Smallpox vaccine scars: What they look like and why

I remember noticing a small scar on my mother’s upper arm when I was a child. It had a ring of tiny indents surrounding a slightly larger mark.

I don’t know why it caught my attention, but it did. Like most childhood curiosities, though, I eventually forgot about it.

Smallpox Vaccine Scar: Why It Happens

Of course, the scar didn’t disappear—it was always there—but I stopped thinking about what had caused it. Maybe I asked my mother once, and maybe she explained. If she did, I don’t remember.

Then, years later, I helped an elderly woman off a train one summer. I happened to see the same scar, in the exact same spot as my mother’s. It immediately brought back my old curiosity, but with the train about to leave, I couldn’t ask her about it.

So, I called my mother. She told me she had actually explained it to me before—more than once, in fact—but I had never paid enough attention to remember. Her scar, like so many others of her generation, was from the smallpox vaccine.

Smallpox was a dangerous infectious disease that once spread widely among humans.
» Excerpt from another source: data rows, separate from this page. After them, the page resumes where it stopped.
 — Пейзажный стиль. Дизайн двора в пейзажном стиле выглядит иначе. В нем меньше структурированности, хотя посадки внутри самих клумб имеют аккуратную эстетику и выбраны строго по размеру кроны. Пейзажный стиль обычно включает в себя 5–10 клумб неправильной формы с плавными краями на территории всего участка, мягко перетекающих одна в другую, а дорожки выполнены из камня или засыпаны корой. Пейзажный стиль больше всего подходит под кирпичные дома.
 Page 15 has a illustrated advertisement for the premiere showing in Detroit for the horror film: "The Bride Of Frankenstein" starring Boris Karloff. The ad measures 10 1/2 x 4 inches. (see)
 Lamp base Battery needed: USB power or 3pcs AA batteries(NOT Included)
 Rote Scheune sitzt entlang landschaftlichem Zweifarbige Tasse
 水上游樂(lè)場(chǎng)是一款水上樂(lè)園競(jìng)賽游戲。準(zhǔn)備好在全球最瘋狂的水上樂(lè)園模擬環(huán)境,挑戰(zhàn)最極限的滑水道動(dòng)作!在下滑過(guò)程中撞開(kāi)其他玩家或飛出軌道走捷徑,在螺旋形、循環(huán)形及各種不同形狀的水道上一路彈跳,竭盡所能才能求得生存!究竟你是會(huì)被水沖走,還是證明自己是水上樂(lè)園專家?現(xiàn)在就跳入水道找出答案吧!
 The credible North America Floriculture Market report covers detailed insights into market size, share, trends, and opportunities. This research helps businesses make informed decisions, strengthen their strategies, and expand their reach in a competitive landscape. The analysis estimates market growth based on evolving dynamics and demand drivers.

It caused a severe rash, high fever, and in the 20th century alone, it killed about 3 out of every 10 people who caught it. Many who survived were left with scars.

The vaccine for smallpox was so effective that the disease was declared eliminated in the U.S. in 1952. By 1972, the vaccine was no longer needed as part of routine immunizations.
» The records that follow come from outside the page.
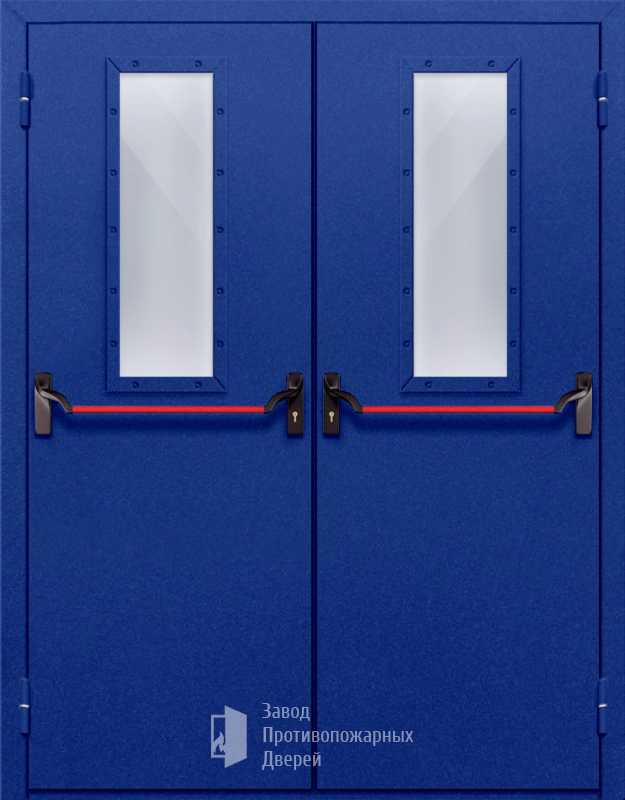 Маркировка Противопожарная Двупольная дверь с прямоугольным стеклом ДПМ-02-EIW60 с антипаникой
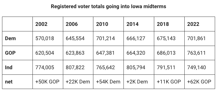 But I do know this: while Hubbell could have won in 2018 with solid base turnout and a clear majority among independents, that formula won’t work next year unless Iowa Democrats find a way to shrink the GOP’s voter registration advantage.
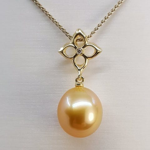 Flot og Elegant 18 Karat Guld Vedhæng m. Dark Gray Tahiti Perle Prydet m. Små Diamanter i Accent.
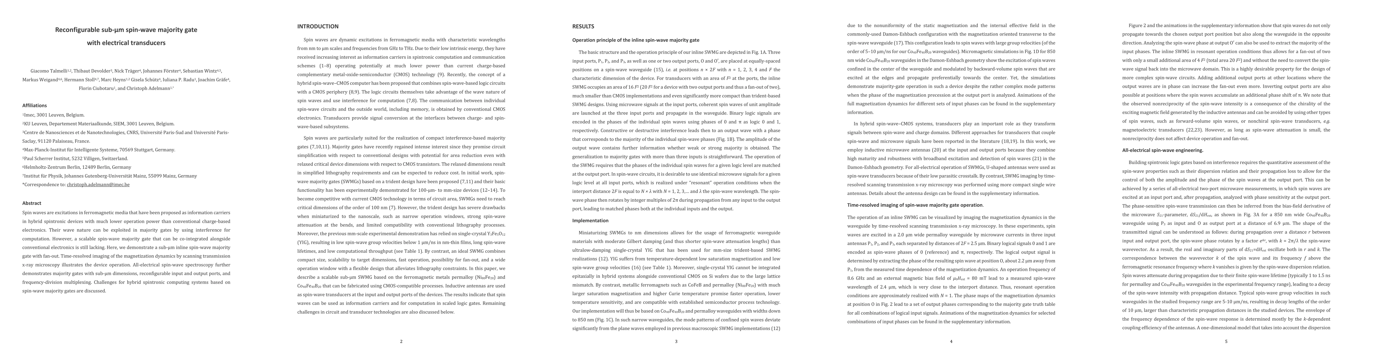 This paper presents a scalable sub-micron spin-wave majority gate integrated with electrical transducers, demonstrating its operation through time-resolved imaging and spin-wave spectroscopy. The device features reconfigurable ports and frequency-division multiplexing, addressing the need for low-power hybrid spintronic computing systems.

Before then, though, all children received the smallpox vaccine, which left a distinctive mark on their arms. In a way, it was like an early version of a vaccine passport—a visible sign that they had been immunized.
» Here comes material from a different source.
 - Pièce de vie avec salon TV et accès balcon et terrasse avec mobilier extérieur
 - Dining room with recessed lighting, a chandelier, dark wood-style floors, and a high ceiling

So, what caused the scar? Unlike modern vaccines, which use a single needle, the smallpox vaccine was given using a two-pronged needle that punctured the skin multiple times.

This method caused small blisters to form. Over time, these blisters scabbed over, eventually leaving behind the permanent scar.

And that’s the story behind my mother’s small but noticeable mark—one shared by many from her generation.